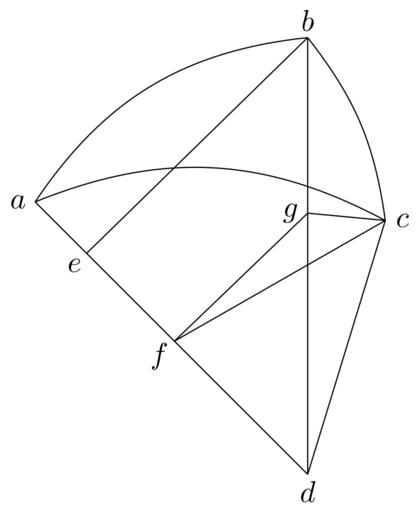 | Keywords: Coppernicus 026.svg de à ber die Kreisbewegungen der Weltkörper 26 File Kreisbewegungen-Coppernicus-0 djvu p 54 1879 w Nicolaus Copernicus File Coppernicus_026 png PD-old-100 De revolutionibus drawings LaTeX Source Code <syntaxhighlight lang latex > complile with »pdflatex« \documentclasstikz convert pdf2svg standalone \begin document \begin tikzpicture \coordinate A at 135 4 5 ; \coordinate B at 90 5 1 ; \coordinate C at 73 3 1 ; \coordinate D at 0 0 ; \coordinate E at 135 3 65 ; \coordinate F at 135 2 2 ; \coordinate G at 90 3 05 ; \draw D -- A ; \draw D -- C ; \draw D -- B ; \draw G -- C ; \draw F -- C ; \draw F -- G ; \draw E -- B ; \draw A tobend left 25 B ; \draw A tobend left 25 C ; \draw B tobend left 15 C ; \draw A + 180 0 2 node a ; \draw B + 90 0 2 node b ; \draw C + 0 0 2 node c ; \draw D + -90 0 2 node d ; \draw E + -135 0 2 node e ; \draw F + -135 0 25 node f ; \draw G + 180 0 2 node g ; \end tikzpicture \end document </syntaxhighlight> |
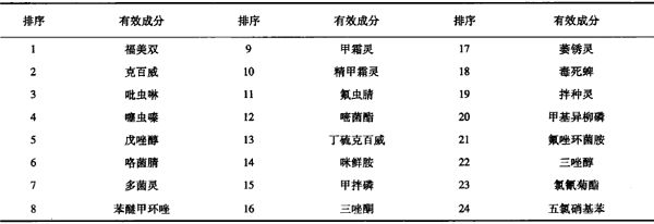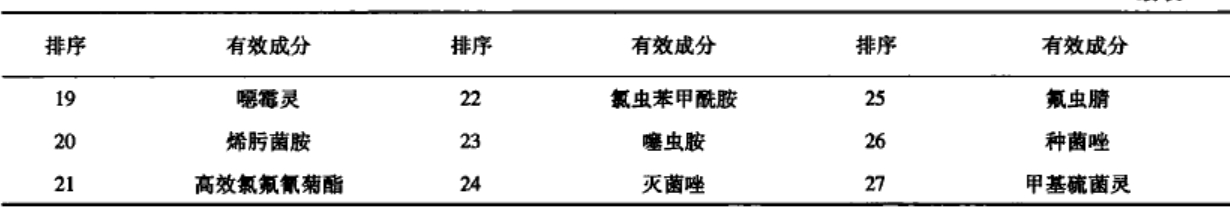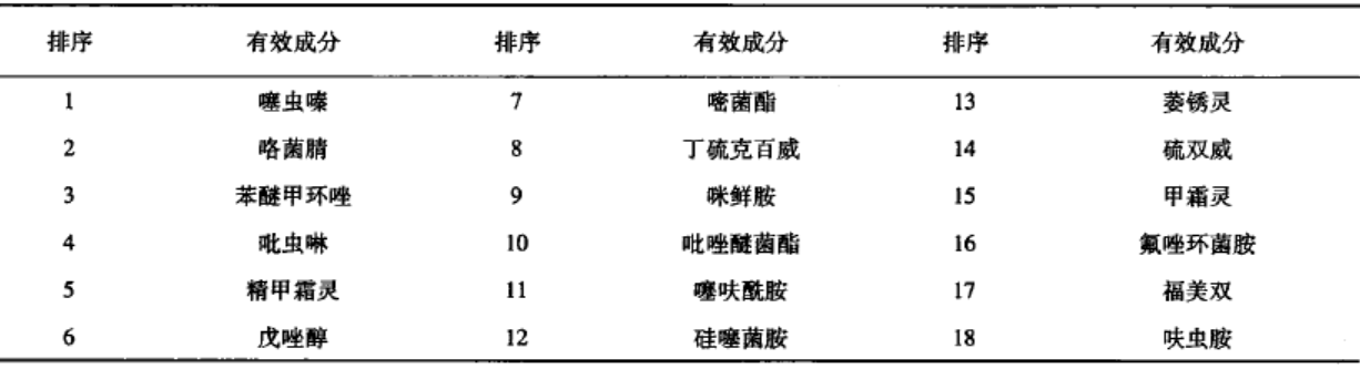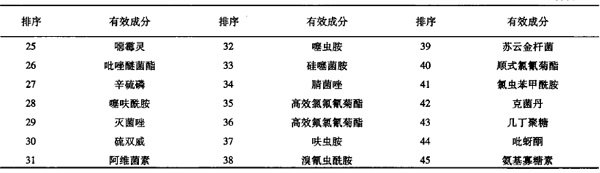表1 現(xiàn)有登記種子處理劑涉及的有效成分(按產(chǎn)品數(shù)量排序)
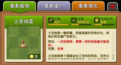 这两种植物的爆发效果都挺鸡肋的。土豆雷能瞬间破土这点还算不错,既能应急,也能用来对付雪人——等雪人走到第一格时立刻种下,然后马上喂能量豆就行。不过它们的分裂能力实在太坑了,挺考验运气的。
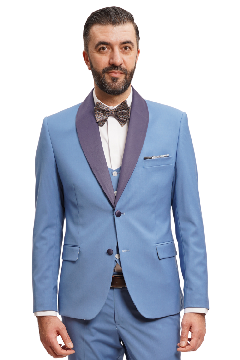 Costum elegant pentru bărbați, în nuanță albastru texturat, compus din sacou la un rând de nasturi și pantaloni asortați. Designul clasic și croiala atent realizată oferă un aspect rafinat și echilibrat.

*-*-*

## WORK ORDER
Your task is to output the material word for word while leaving out every image.

## RESULT
 | Keywords: Coppernicus 026.svg de à ber die Kreisbewegungen der Weltkörper 26 File Kreisbewegungen-Coppernicus-0 djvu p 54 1879 w Nicolaus Copernicus File Coppernicus_026 png PD-old-100 De revolutionibus drawings LaTeX Source Code <syntaxhighlight lang latex > complile with »pdflatex« \documentclasstikz convert pdf2svg standalone \begin document \begin tikzpicture \coordinate A at 135 4 5 ; \coordinate B at 90 5 1 ; \coordinate C at 73 3 1 ; \coordinate D at 0 0 ; \coordinate E at 135 3 65 ; \coordinate F at 135 2 2 ; \coordinate G at 90 3 05 ; \draw D -- A ; \draw D -- C ; \draw D -- B ; \draw G -- C ; \draw F -- C ; \draw F -- G ; \draw E -- B ; \draw A tobend left 25 B ; \draw A tobend left 25 C ; \draw B tobend left 15 C ; \draw A + 180 0 2 node a ; \draw B + 90 0 2 node b ; \draw C + 0 0 2 node c ; \draw D + -90 0 2 node d ; \draw E + -135 0 2 node e ; \draw F + -135 0 25 node f ; \draw G + 180 0 2 node g ; \end tikzpicture \end document </syntaxhighlight> |
表1 現(xiàn)有登記種子處理劑涉及的有效成分(按產(chǎn)品數(shù)量排序)
 这两种植物的爆发效果都挺鸡肋的。土豆雷能瞬间破土这点还算不错,既能应急,也能用来对付雪人——等雪人走到第一格时立刻种下,然后马上喂能量豆就行。不过它们的分裂能力实在太坑了,挺考验运气的。
 Costum elegant pentru bărbați, în nuanță albastru texturat, compus din sacou la un rând de nasturi și pantaloni asortați. Designul clasic și croiala atent realizată oferă un aspect rafinat și echilibrat.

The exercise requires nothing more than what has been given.